Past experience with morning glories has taught me that, more than the bright corollas, the flowers' green calyxes below the corollas often display important field marks needed for identification. In this case, the calyx was hairless and the broad sepals were rounded at their tips. However, maybe the most important feature was the presence of small wart-like bumps, or tubercles, covering the calyx's otherwise smooth surface. That's something special, though in the picture they're hard to see.

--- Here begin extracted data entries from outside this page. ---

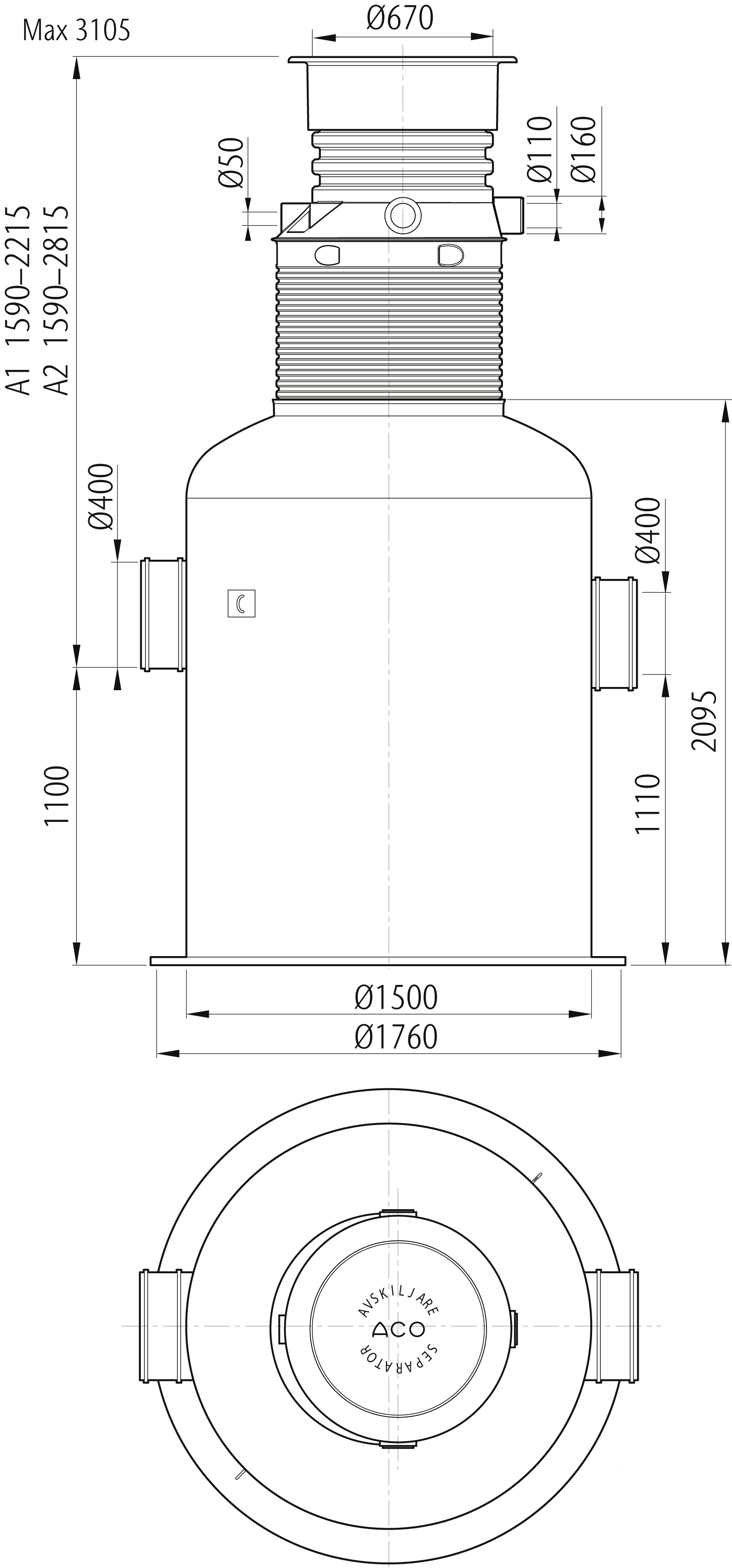 Oleopator Bypass G är avsedd för behandling av oljehaltigt dagvatten med höga krav på reningsgrad. Oleopator Bypass G är en bypass avskiljare, där reglering av flödet sker helt utan rörliga delar. Vid avvattning av större ytor med höga regnflöden är det lämpligt att installera ett bypassystem som leder överskottet förbi avskiljaren som skydd mot överbelastning. A2-mått 1590-2835 mm
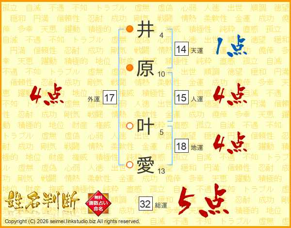 井原叶愛さんの総運は32画の5点!
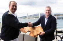 TASMANIAN Premier and Minister for Tourism and Hospitality, Jeremy Rockliff, greeted Disney Wonder as she sailed into Hobart on Wed on her first voyage into the state.

The Morning Glory Family's many species are assigned to about 60 genera, of which the most species-rich and commonly encountered is the genus Ipomoea, with over 600 species. Our flower looked like an Ipomoea but I wanted to be sure, and confirmed the details by opening up a flower, as seen below:

IPOMOEA LOZANII, dissected corolla showing stamens and stigma

Having five stamens is a feature of the family, but the stamens can be of equal or different lengths, and this species has them of different lengths. In some genera the white, pollen-producing anthers are curved and attached at angles atop the slender filaments, but these anthers are straight and stand erect. The main feature, though, is revealed by the single spherical stigma, half hidden behind the top pair of anthers. Some genera produce long, slender stigmas. Also, here we have just one stigma atop one style, as opposed to two styles with their own stigmas, as in some genera. These details confirm that we have an Ipomoea.

IPOMOEA LOZANII, immature fruit

The above immature fruit also is typical of the genus Ipomoea. The unusual tubercles on the sepals are even more conspicuous in this picture than earlier.

IPOMOEA LOZANII, leaf

The leaf's "heart shaped" form also was typical, but it was the smallest Ipomoea leaf I've ever seen. Also, the manner by which the blade abruptly narrows at its middle, then continues with a long, narrow point, also is distinctive.

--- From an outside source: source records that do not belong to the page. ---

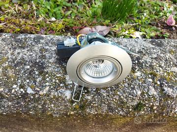 Cinque Porta Faretti da Incasso Orientabili, in Alluminio. Attacco per lampada modelli GU10/GZ10. Adatto per Alimentazione da 6V a 230V AC/DC Compreso di Lampade Osram Halopar 16 64824 FL 50W/ 230V/ GU10 Diametro Foro Incasso 80 cm.
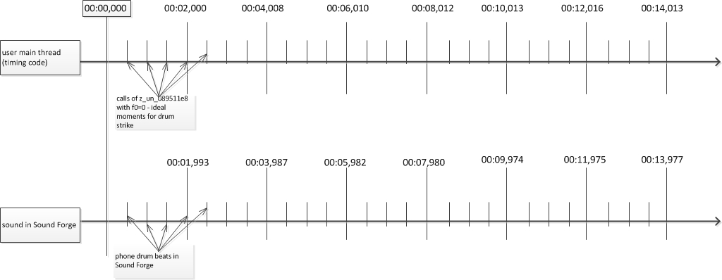 This picture shows that there is little difference between execution speed of main thread and music the player hear. For example, time of background "boom" of 5th tact is 00:07,980. But time of call of get_current_timing() whit f0=0 in game is 00:08,012
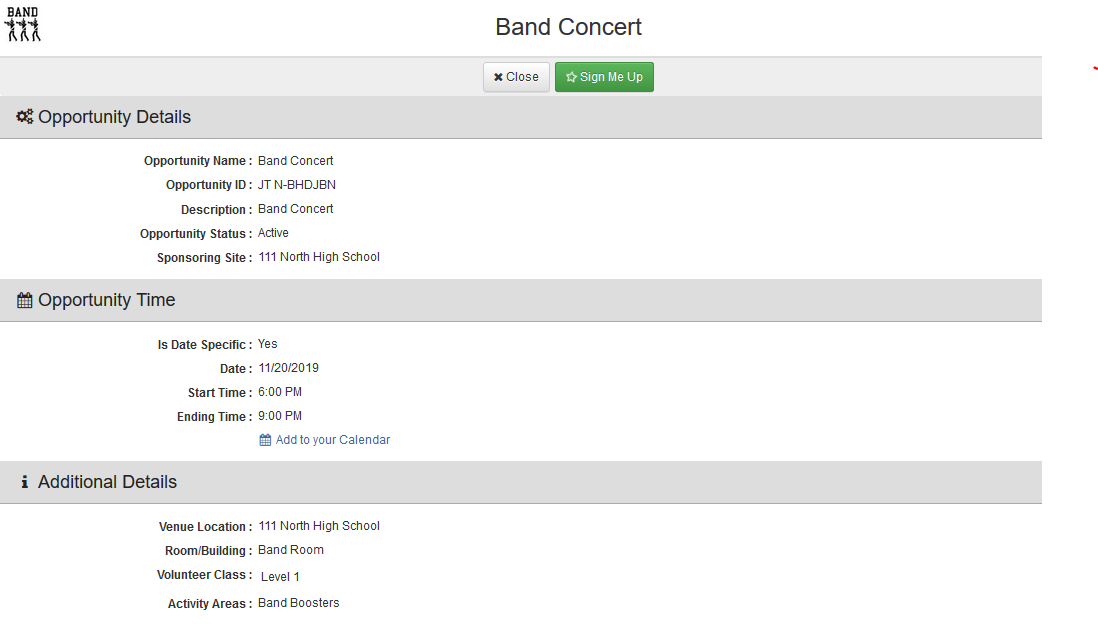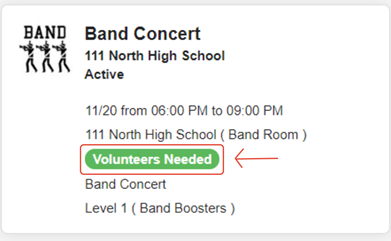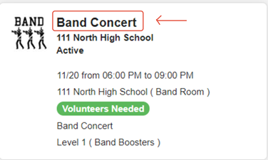 If the list of opportunities show up for you, this is how you will sign up for it - you can click on the name of the opportunity or the Volunteers Needed button(this example is the Band Concert) :
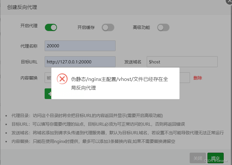 阿里云搭建的寶塔Linux面板,上面已經搭建過其它網站了,我現(xiàn)在給一個新增的網站增加一個反向代理端口,但是通過寶塔面板添加反向代理的時候,出現(xiàn)了下圖偽靜態(tài)的錯誤。
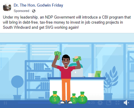 In a sponsored Facebook post from his official page, Dr. Friday said “Under my leadership, an NDP Government will introduce a CBI program that will bring in debt-free, tax-free money to invest in job creating projects in South Windward and get SVG working again!”.

On the brown, horizontal stem below the leaf in the above picture, note that an old leaf has dried up and shriveled. The dead leaf's petiole remains intact, however, and strongly curved. All of this vine's leaf petioles were similarly curved, often performing the service of "hooking" the vine onto grass stems and blades, thus suspending the vine tangle atop the grass. The leaf blades themselves were all curved to one side, hooklike, and the blade halves were partly folded together. In the picture I'm holding the blade open to show the heartshape form, but without my finger the blade halves closed toward one another, forming a blade V-shaped in cross section.

All these details take us to IPOMOEA LOZANII, with no English name because it's endemic just to the drier scrublands and cactusy areas of eastern Mexico, at elevations from 1450-2350m (4750-7700 feet), occurring from the state of Tamaulipas south to about here and the neighboring state of Hidalgo. An evocative Spanish name documented locally for the vine is Tumbavaqueros, meaning "Cowboy-thrower." One visualizes a cowboy on his horse galloping across this open scrubland, his horse's legs entangling in the morning-glory vines, and tumbling.

This species doesn't seem to be planted in gardens, and hardly any information is available about it, other than that it exists, its leaves and flowers are a certain way, and that it's a valid species.

I'm glad that here we can at least focus on what makes it special to an old man stumbling around in the central Mexican highland scrub.